Select to view content in your preferred language

Perfect Multicollinearity in Exploratory Regression, FAST response needed

1159
3
01-02-2021 10:33 PM
Labels (2)
autumn
by
New Contributor

Thank you to everyone reading. I would love a response ASAP! Licensing, tech, travel, and snow issues have massively delayed my project and my presentation is in 2.5 days from now 🙃

I am trying to do a regression to explore the relationship between human community statistics (demography, rurality, water use, etc) and the total amount of ecosystem service provision areas in Iowa, by county. In order to prepare my data for the regression, I did the following:

I joined a layer of Iowa county polygons to a table of candidate variables (note: for all joins, features were exported to a new layer to avoid issues). I merged a bunch of polygons into layers for different types of ecosystem services provision areas in Iowa to use as a dependent variable for the regression (Quality areas: merged polygons for protected lands, Supply areas: merged polygons for all public areas of natural landscape or greenspace, Impaired areas: merged layer of points of spill incidents, emission points, wastewater outfalls, etc). I then took these Iowa layers for provision areas and spatially joined them to their respective county (to the county polygon layer), creating a dataset with 99 records (for each IA county) containing the sum total of the provision area within the county, and all associated county demographic stats.

I used the shape area field for the polygons of county provision areas as the dependent variable for the exploratory regression. I chose my candidate variables, I believe I left all default options (not sure), and I ran the regression. Result: no significance, warning 001304 for the vast majority of possible models (WARNING 001304: Unable to estimate the following models due to severe multicollinearity (data redundancy).) Some models could be estimated, but the majority had the warning 001176: Perfect Multicollinearity. A relatively brief sample of the script at the end of the post. The full details/running script for the process is attached as a pdf.

I chose a variety of candidate variables, some of which could not possibly display perfect multicollinearity. I tried looking up help for this issue, but all that I could find recommended removing redundant variables until the issue is resolved (VIF decreases sufficiently), but the multicollinearity exists among almost all possible combinations of variables.

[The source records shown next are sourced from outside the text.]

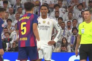 當時,貝林厄姆看到佩德里倒地抱怨犯規,便走向他,輕輕拍了拍他的頭,對巴薩球員的抱怨顯得頗不以為然,還做出幾個表示“難以置信”的手勢。
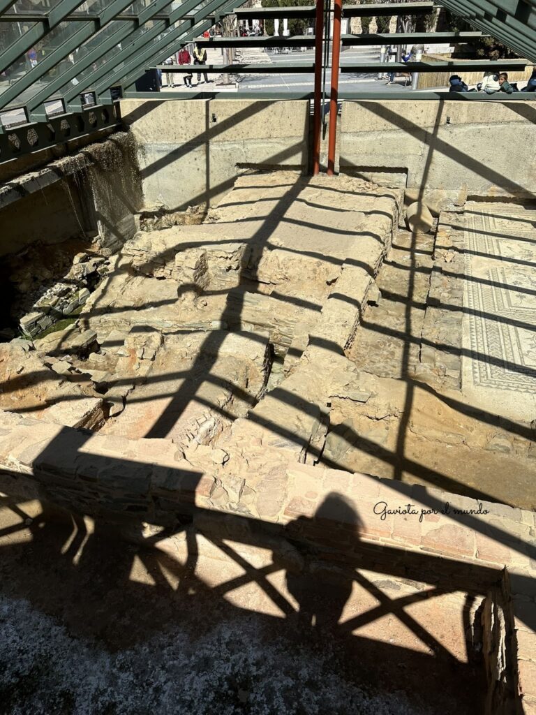 Nosotros solo pudimos ver la parte de la Casa romana donde se puede apreciar las estancias y el suelo.
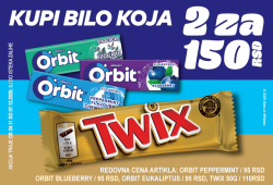Počastite se Snickers i Mars čokoladicom, uživajte u jedinstvenom ukusu ovih slatkiša. Kupite na našim kioscima dve čokoladice, dva puta više zadovoljstva, po jedinstvenoj ceni.
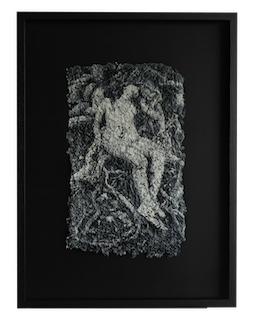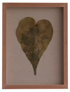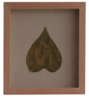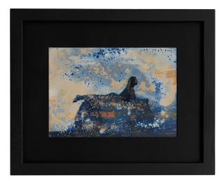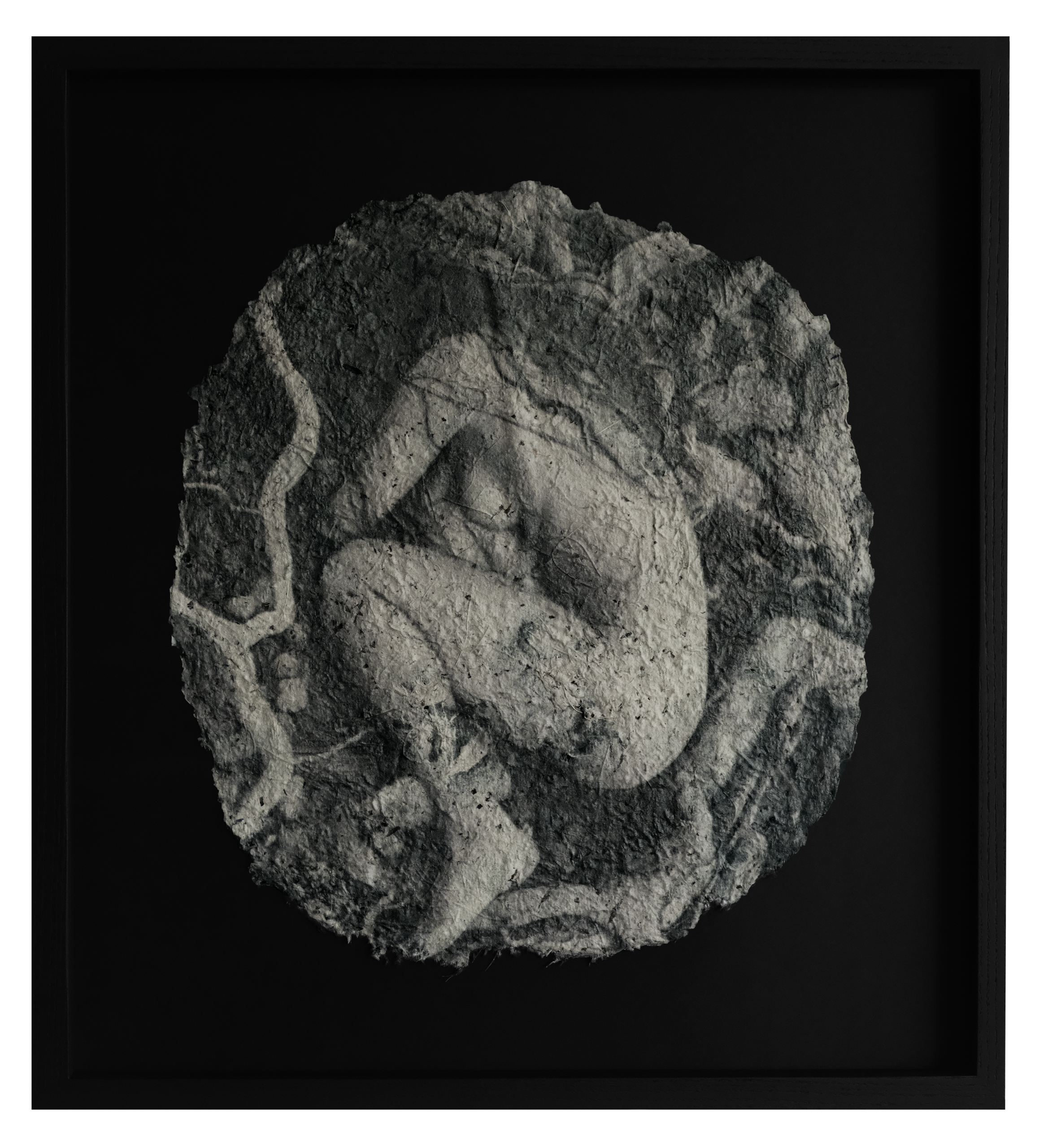 Imagen impresa en papel de alga con marco de madera y cristal de museo.
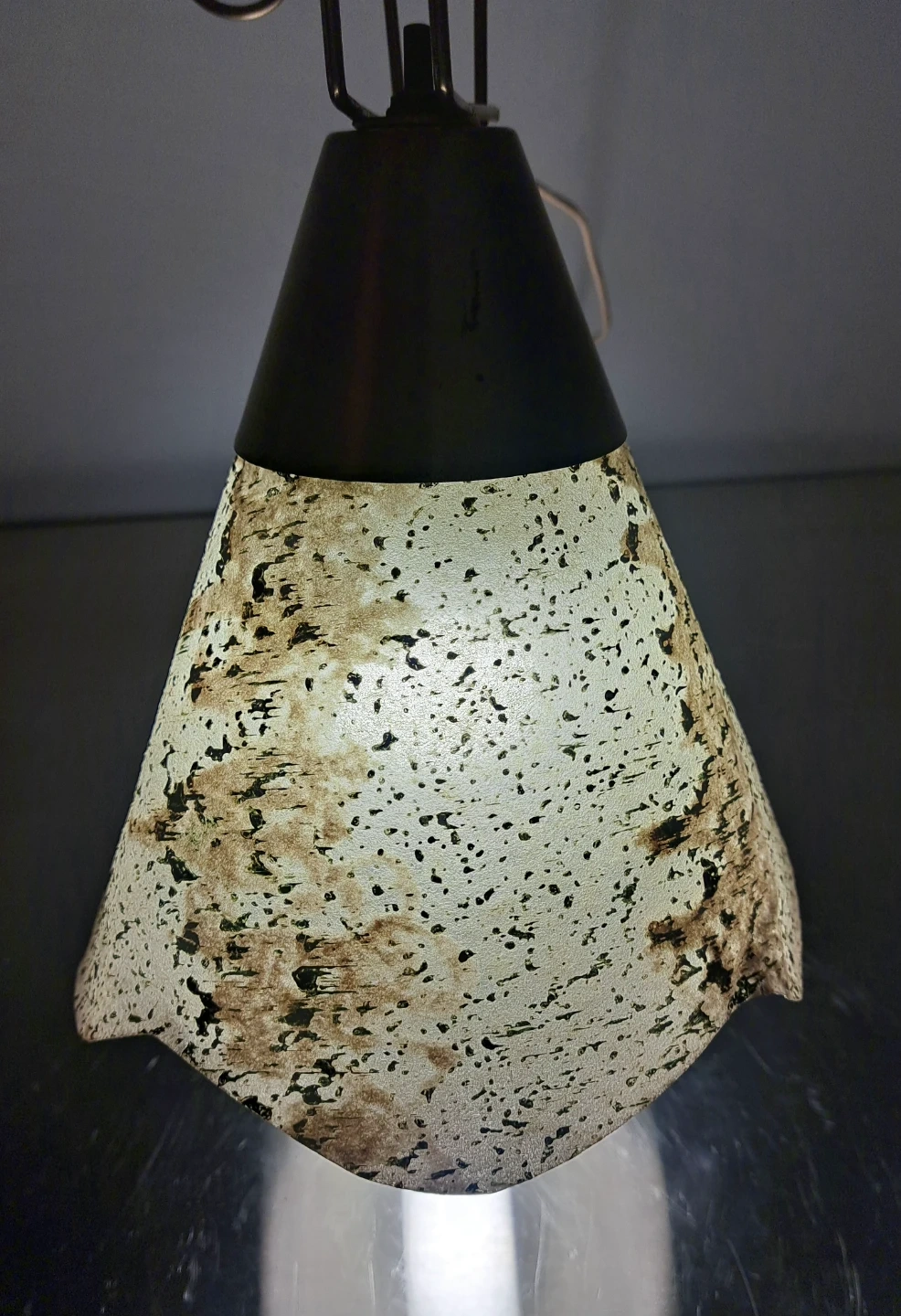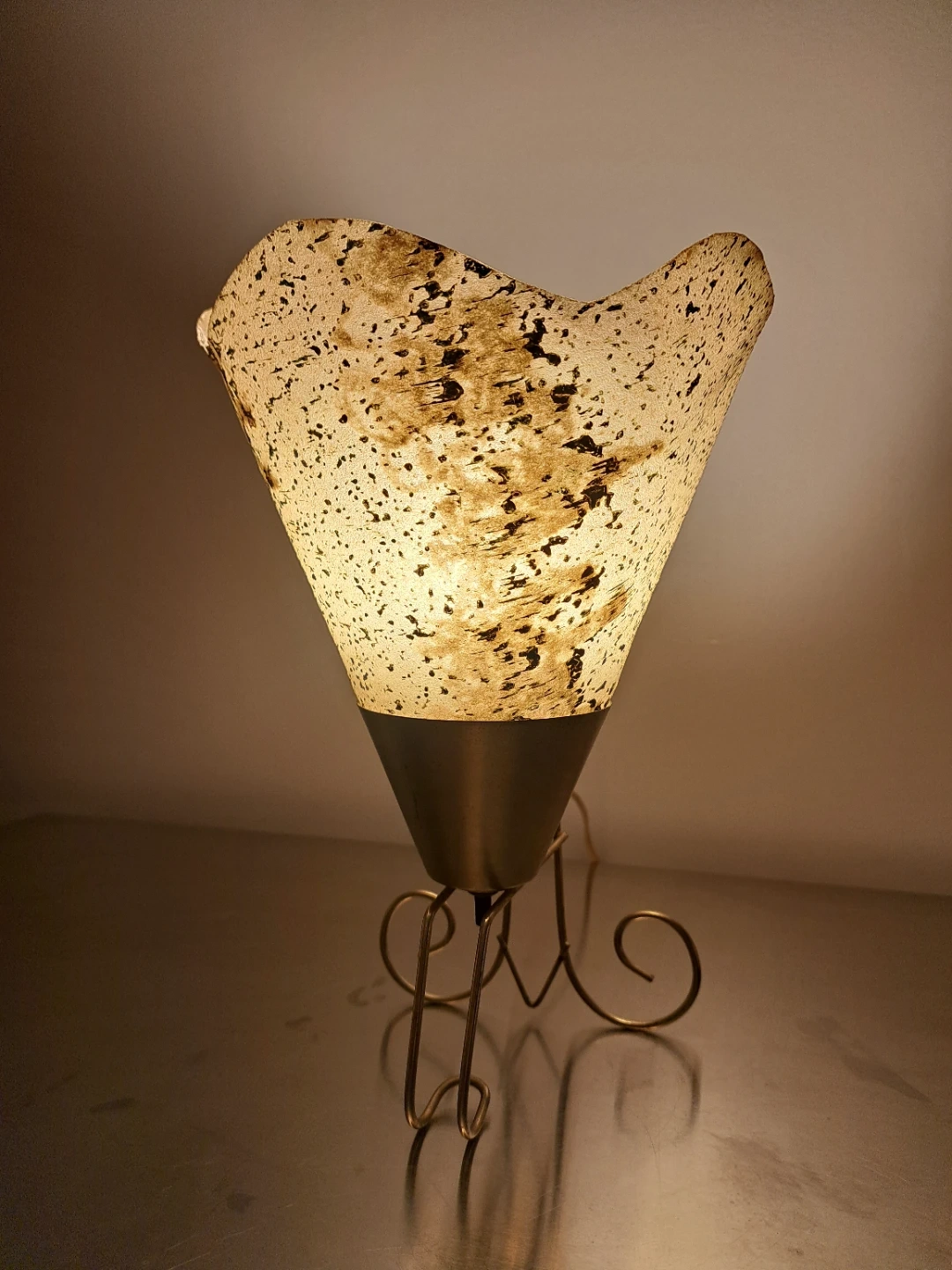 Here's a stylish MCM accent lamp or wall sconce with a unique vintage vibe! It features a cone-shaped fiberglass shade with a mottled pattern, complemented by a brass-coloured base with decorative swirls. It's perfect for adding a touch of retro charm to any room

I feel like it might be because of how I did my joins, or maybe that I can't use shape area as a dependent variable, but I have very little idea what is wrong. I would love help on the exploratory regression, but I am also open to other data analysis ideas. If you have any questions I would be happy to answer.

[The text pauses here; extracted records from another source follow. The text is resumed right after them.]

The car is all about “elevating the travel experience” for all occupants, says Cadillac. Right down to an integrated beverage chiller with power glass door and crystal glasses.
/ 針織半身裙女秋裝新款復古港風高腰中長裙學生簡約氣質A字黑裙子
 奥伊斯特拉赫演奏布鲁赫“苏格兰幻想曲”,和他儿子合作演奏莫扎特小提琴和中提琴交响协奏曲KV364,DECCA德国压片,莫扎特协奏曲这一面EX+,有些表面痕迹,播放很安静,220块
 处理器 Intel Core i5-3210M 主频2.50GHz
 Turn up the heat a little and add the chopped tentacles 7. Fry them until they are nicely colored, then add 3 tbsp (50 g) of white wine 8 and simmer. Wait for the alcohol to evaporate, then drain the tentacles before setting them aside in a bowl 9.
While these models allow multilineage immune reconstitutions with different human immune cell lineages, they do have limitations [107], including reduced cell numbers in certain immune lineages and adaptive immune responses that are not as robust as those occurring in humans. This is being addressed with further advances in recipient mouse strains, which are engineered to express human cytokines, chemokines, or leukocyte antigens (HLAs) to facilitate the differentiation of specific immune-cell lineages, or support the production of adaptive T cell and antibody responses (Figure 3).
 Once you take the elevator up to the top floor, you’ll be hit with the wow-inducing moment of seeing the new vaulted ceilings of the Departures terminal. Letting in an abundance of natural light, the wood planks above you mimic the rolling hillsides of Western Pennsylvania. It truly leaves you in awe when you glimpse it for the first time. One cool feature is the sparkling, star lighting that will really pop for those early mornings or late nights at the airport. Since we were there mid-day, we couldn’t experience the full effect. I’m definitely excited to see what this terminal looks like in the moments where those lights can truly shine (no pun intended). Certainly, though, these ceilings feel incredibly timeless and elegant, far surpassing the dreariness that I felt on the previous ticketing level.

  • Choose 3 of 12 Summary

                                                              Highest Adjusted R-Squared Results                                                         

    AdjR2    AICc   JB K(BP)  VIF   SA   Model                                                                                                                 

     0.31 3725.42 0.00  0.99 7.57 0.01  -HOUSEHOLDS_WITH_INDIVIDUALS_65_YEARS_AND_OVER***  +VACANT_HOUSING_UNITS***  +IRGCROPSCONSUMPTIVEUSE4CROPSFRESH_MGAL_D**

     0.31 3726.49 0.00  0.96 7.93 0.01  -TOTAL_HOUSEHOLDS***  +VACANT_HOUSING_UNITS***  +IRGCROPSCONSUMPTIVEUSE4CROPSFRESH_MGAL_D**                            

     0.30 3727.41 0.00  0.93 7.55 0.01  -TOTAL_POPULATION***  +VACANT_HOUSING_UNITS***  +IRGCROPSCONSUMPTIVEUSE4CROPSFRESH_MGAL_D**                            

           Passing Models      

    AdjR2 AICc JB K(BP) VIF SA   Model

     WARNING 001304: Unable to estimate the following models due to severe multicollinearity (data redundancy).

     WARNING 001176: Perfect Multicollinearity in: SHAPE_AREA ~ Intercept + TOTAL_POPULATION + MEDIAN_AGE__YEARS_ + TOTAL_HOUSEHOLDS.

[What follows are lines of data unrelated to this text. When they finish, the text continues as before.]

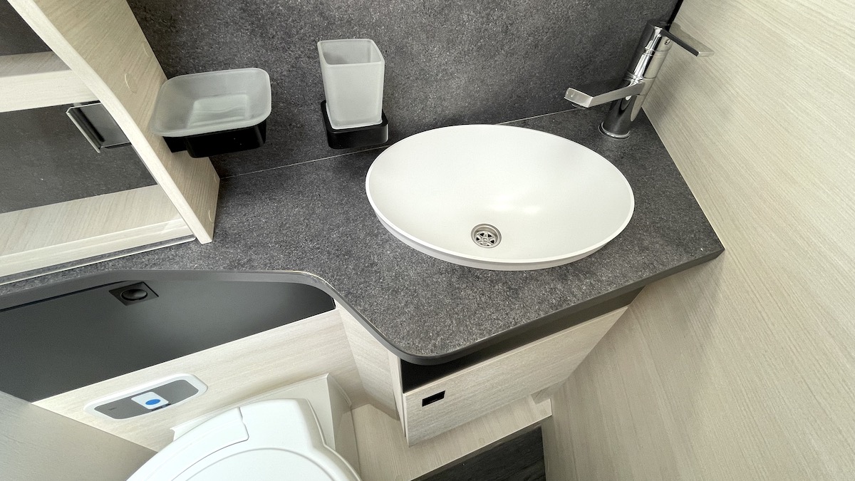 Typically for a rear-island-bed layout, the washroom facilities are split – there’s a toilet room on the offside and a shower cubicle nearside. The latter is fully lined, with the shower on a riser bar, twin plugholes and a drop-down rail for hanging wet attire.
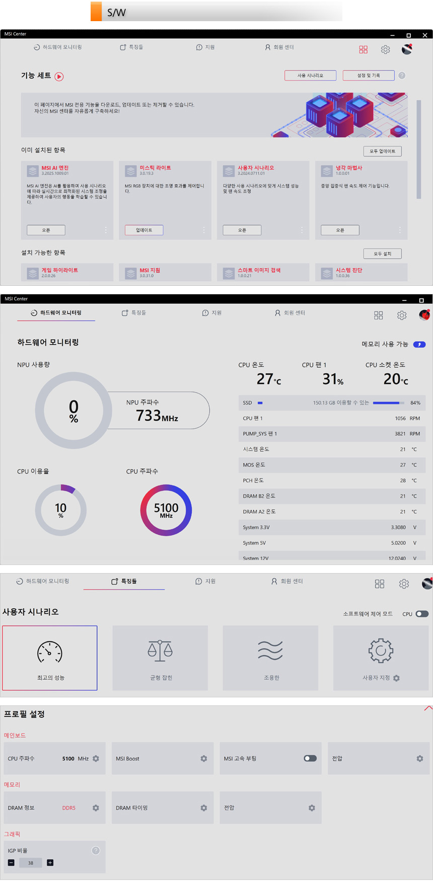 전용 S/W MSI 센터를 제공해 PC를 편하게 관리할 수 있다. (MS 스토어에서 프로그램 설치가 가능하다.) 모듈형으로 구성되어 원하는 앱을 손쉽게 설치하고 실행할 수 있으며 다양한 사용모드를 제공해 PC 사용목적에 따라 프로그램을 셋팅할 수 있다. 또한 시스템의 작동 상황을 한눈에 확인할 수 있도록 모니터링을 지원하고 사용자 시나리오를 통해 퍼포먼스도 설정할 수 있다.
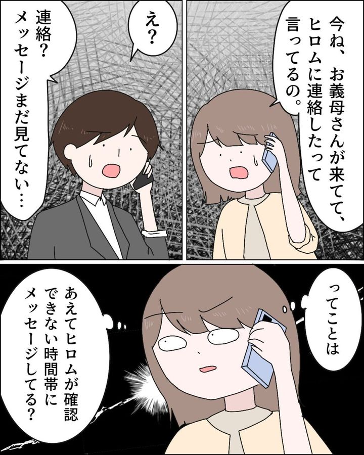 誘ってもいないのにウチで夕飯を食べて行く気でいる義母の勝手な要望で、夕飯に予定していたパスタが変更になってしまったため、私は義母のためのお惣菜を買いに行く口実でヒナと一緒に外に出ました。即行でヒロムに電話すると、「今ね、お義母さんが来てて、ヒロムに連絡したって言ってるの。」と伝えました。仕事を終えたばかりの様子のヒロムは、「え?連絡?まだメッセージ見てない」と言うので、私は義母があえてヒロムが確認できない時間帯にメッセージしてる?と推測しました。
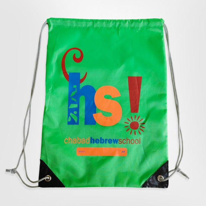 CHS Drawstring Backpack – Chabad Hebrew School bag Green
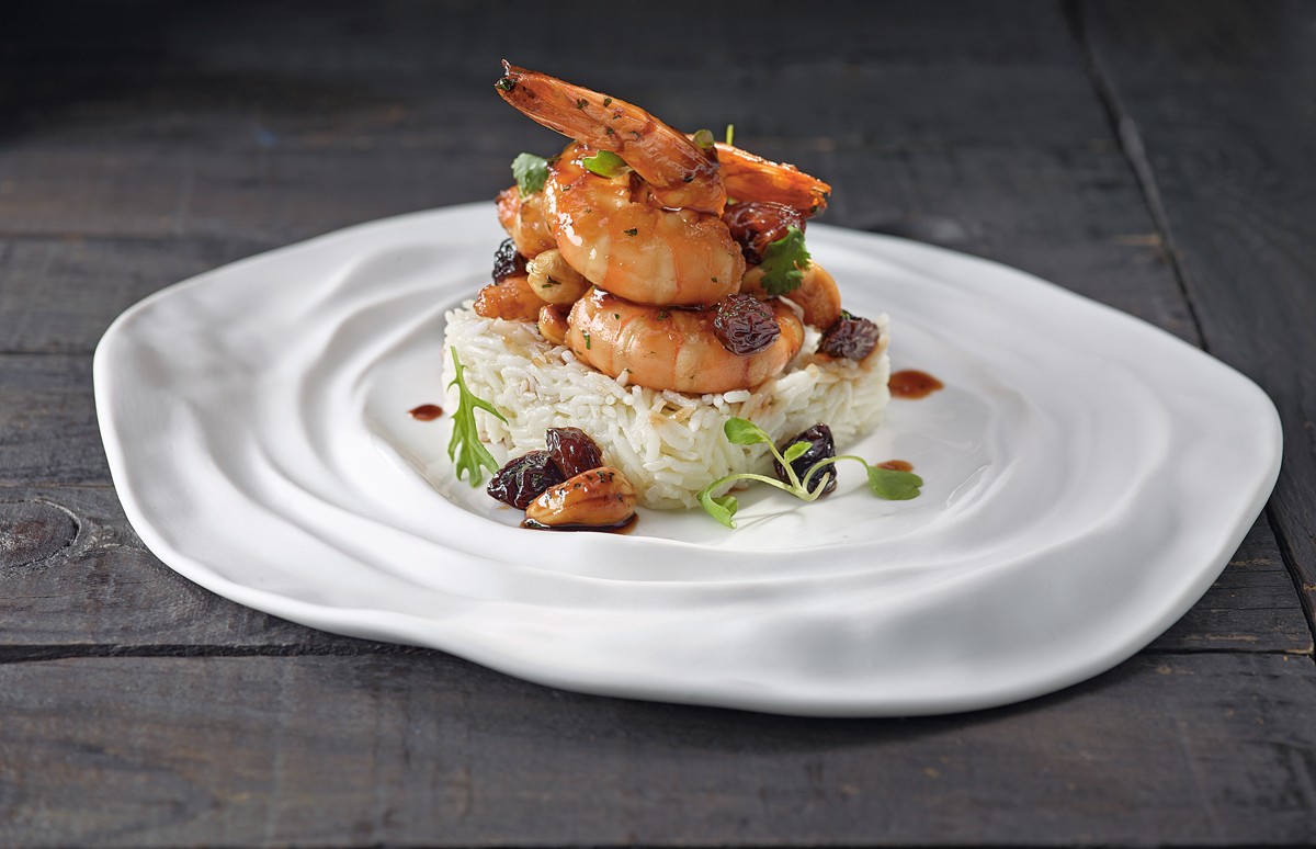 4. En una sartén con una pizca de aceite se doran los anacardos, las pasas escurridas y las colas de los langostinos salpimentados, se le dan unas vueltas rápidas y se incorporan la salsa caliente, el zumo del limón y la mantequilla.

     WARNING 001176: Perfect Multicollinearity in: SHAPE_AREA ~ Intercept + TOTAL_POPULATION + WHITE + BLACK_OR_AFRICAN_AMERICAN.

     WARNING 001176: Perfect Multicollinearity in: SHAPE_AREA ~ Intercept + TOTAL_POPULATION + WHITE + TOTAL_HOUSEHOLDS.

     WARNING 001176: Perfect Multicollinearity in: SHAPE_AREA ~ Intercept + TOTAL_POPULATION + WHITE + RENTER_OCCUPIED_HOUSING_UNITS.

     WARNING 001176: Perfect Multicollinearity in: SHAPE_AREA ~ Intercept + TOTAL_POPULATION + BLACK_OR_AFRICAN_AMERICAN + TOTAL_HOUSEHOLDS.

     WARNING 001176: Perfect Multicollinearity in: SHAPE_AREA ~ Intercept + TOTAL_POPULATION + TOTAL_HOUSEHOLDS + HOUSEHOLDS_WITH_INDIVIDUALS_UNDER_18_YEARS.

     WARNING 001176: Perfect Multicollinearity in: SHAPE_AREA ~ Intercept + TOTAL_POPULATION + TOTAL_HOUSEHOLDS + HOUSEHOLDS_WITH_INDIVIDUALS_65_YEARS_AND_OVER.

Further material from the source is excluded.